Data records
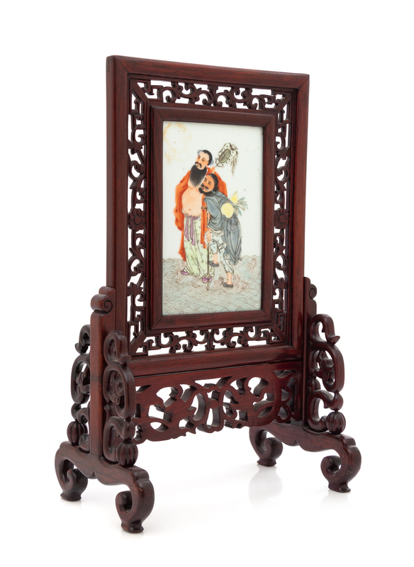 the porcelain plaque painted to show two immortals, Tie Guailie and Han Zhongli, set in a reticulated hardwood stand mounted as a table screen.
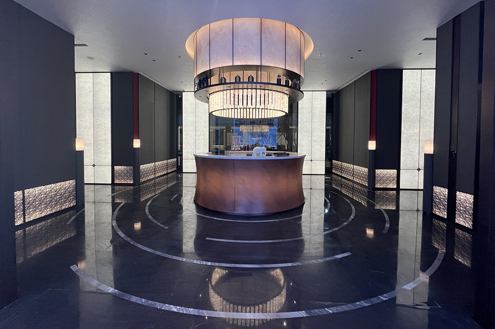 1.5.2m高弧形透光云石灯片工艺。以不锈钢骨架支撑0.3m宽、0.04m厚的弧形云石灯片,专用胶固定确保弧度流畅。通过灯光漫反射技术实现全域无光斑发光,光线均匀穿透云石肌理,兼顾结构稳定性与光影艺术。
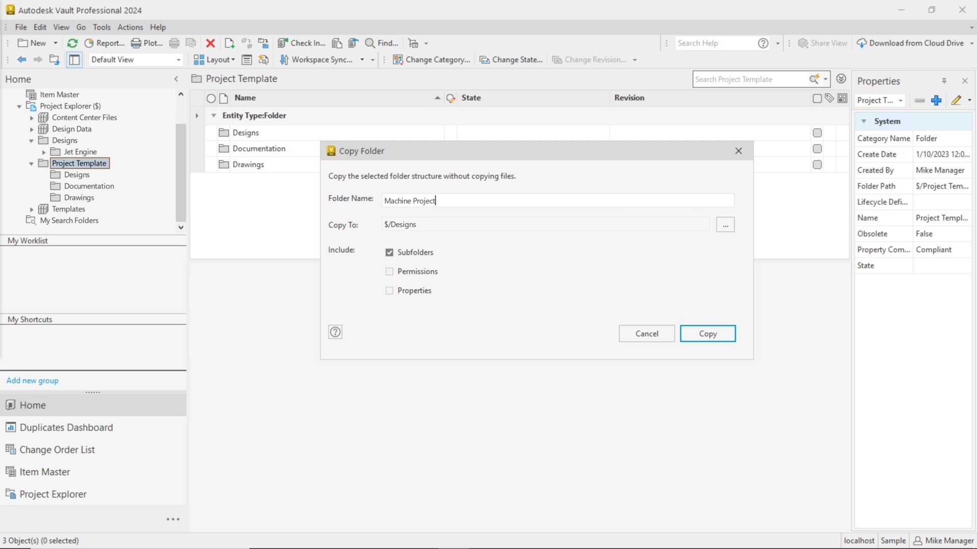 New Copy Folder functionality in Vault 2024 makes it easy to set up a new project quickly by starting with a known folder structure. The Copy Folder feature can copy a folder’s original structure, including subfolders, folder permissions, and properties. This lets you quickly organize your data and help teams adopt engineering standards.
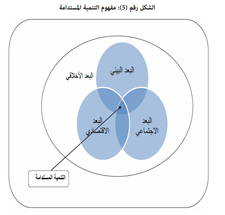من خلال الشكل نوضح أن التنمية المستدامة تتحقق في ظل توفر البعد الاقتصادي والذي يهدف إلى تعظيم المنفعة والرفاه والبعد الاجتماعي الذي يضمن الحق في التعليم والصحة والعمل.. الخ لمفردات المجتمع مع توفر البعد البيئي الذي هدفه الرئيسي المحافظة على البيئة وأنظمتها، وكل هذا يحدث في ظل توفر البعد الأخلاقي والذي بنظرنا يضمن توفر العدالة ورشاد والاستمرارية وبهذا تتحقق التنمية المستدامة.
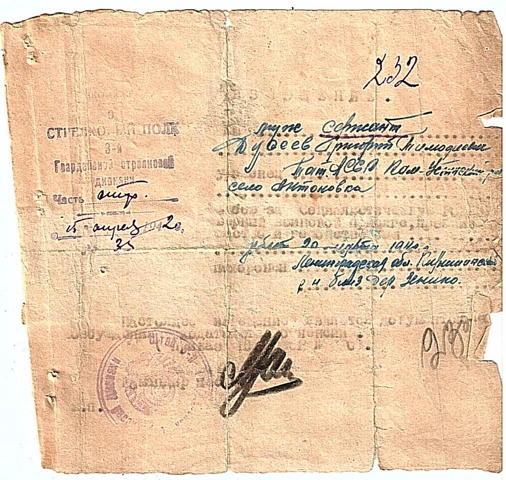 Последнее место службы 3 гв. сд 9 сп
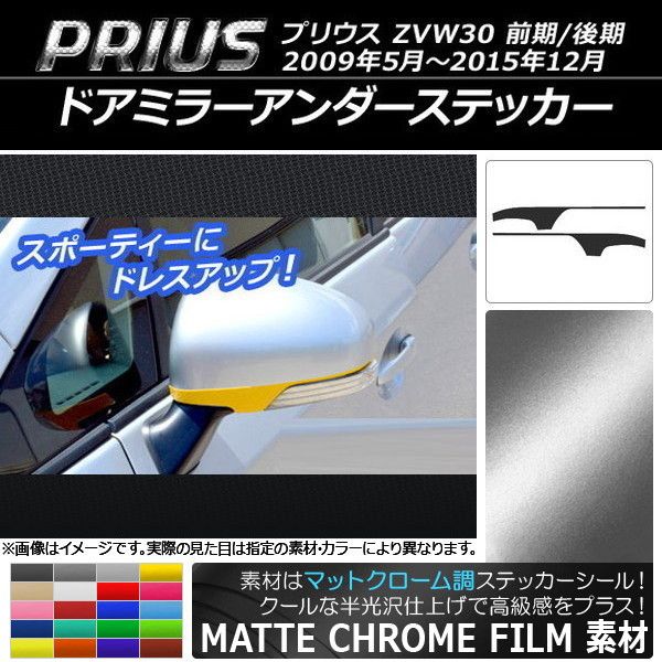 ドアミラーアンダーステッカー マットクローム調 トヨタ プリウス ZVW30 前期/後期 2009年05月〜2015年12月 選べる20カラー 入数:1セット(2枚) AP-MTCR157
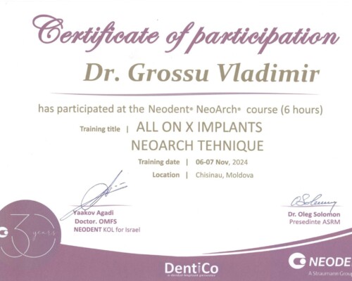 - 2024 – ALL ON X IMPLANTS NEOARCH TEHNIQUE
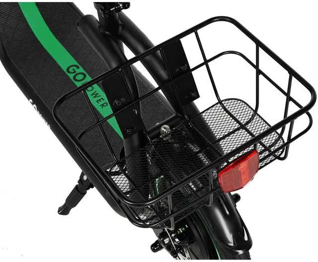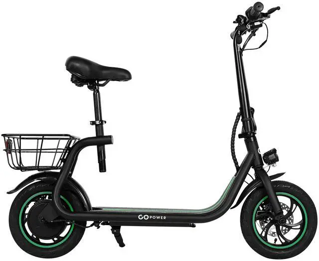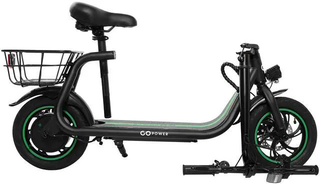 This scooter also includes a front headlight for visibility, a rear basket for convenient storage, and a front display that shows battery status. Designed with a strong frame and a comfortable seat, the Go Flow is equipped to handle riders up to 265 lbs. Experience the freedom of easy transportation with the Go Flow Electric Scooter.
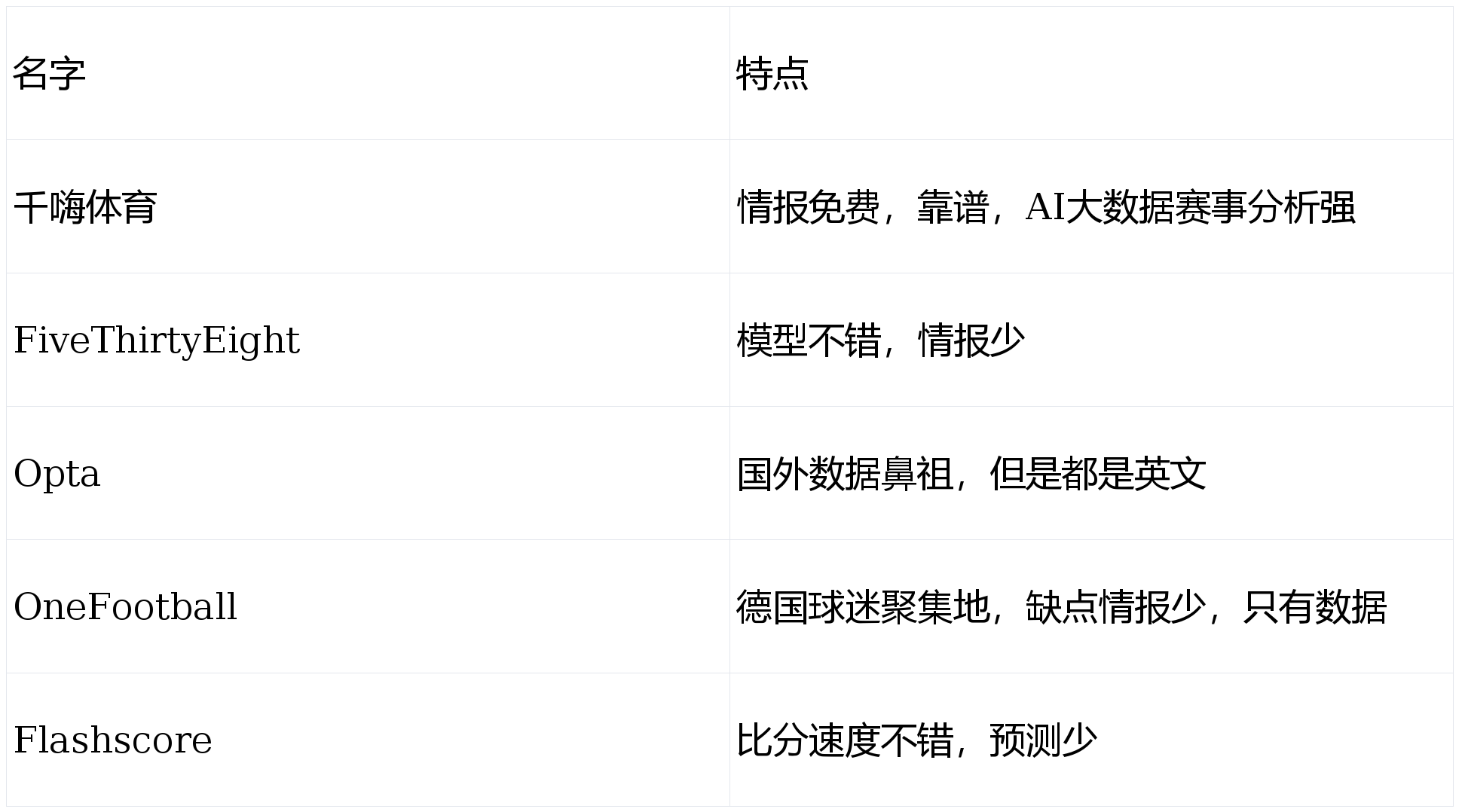 通过对比可见,单纯的数据堆砌(如Flashscore)或高冷的专业数据(如Opta)已无法完全满足球迷需求。真正的竞争在于 “谁能将数据转化为易懂、可用的战术情报”。

Exercise:
Word for word, repeat each record above; leave out every picture.

Exercise solution:
 the porcelain plaque painted to show two immortals, Tie Guailie and Han Zhongli, set in a reticulated hardwood stand mounted as a table screen.
 1.5.2m高弧形透光云石灯片工艺。以不锈钢骨架支撑0.3m宽、0.04m厚的弧形云石灯片,专用胶固定确保弧度流畅。通过灯光漫反射技术实现全域无光斑发光,光线均匀穿透云石肌理,兼顾结构稳定性与光影艺术。
 New Copy Folder functionality in Vault 2024 makes it easy to set up a new project quickly by starting with a known folder structure. The Copy Folder feature can copy a folder’s original structure, including subfolders, folder permissions, and properties. This lets you quickly organize your data and help teams adopt engineering standards.
من خلال الشكل نوضح أن التنمية المستدامة تتحقق في ظل توفر البعد الاقتصادي والذي يهدف إلى تعظيم المنفعة والرفاه والبعد الاجتماعي الذي يضمن الحق في التعليم والصحة والعمل.. الخ لمفردات المجتمع مع توفر البعد البيئي الذي هدفه الرئيسي المحافظة على البيئة وأنظمتها، وكل هذا يحدث في ظل توفر البعد الأخلاقي والذي بنظرنا يضمن توفر العدالة ورشاد والاستمرارية وبهذا تتحقق التنمية المستدامة.
 Последнее место службы 3 гв. сд 9 сп
 ドアミラーアンダーステッカー マットクローム調 トヨタ プリウス ZVW30 前期/後期 2009年05月〜2015年12月 選べる20カラー 入数:1セット(2枚) AP-MTCR157
 - 2024 – ALL ON X IMPLANTS NEOARCH TEHNIQUE
 This scooter also includes a front headlight for visibility, a rear basket for convenient storage, and a front display that shows battery status. Designed with a strong frame and a comfortable seat, the Go Flow is equipped to handle riders up to 265 lbs. Experience the freedom of easy transportation with the Go Flow Electric Scooter.
 通过对比可见,单纯的数据堆砌(如Flashscore)或高冷的专业数据(如Opta)已无法完全满足球迷需求。真正的竞争在于 “谁能将数据转化为易懂、可用的战术情报”。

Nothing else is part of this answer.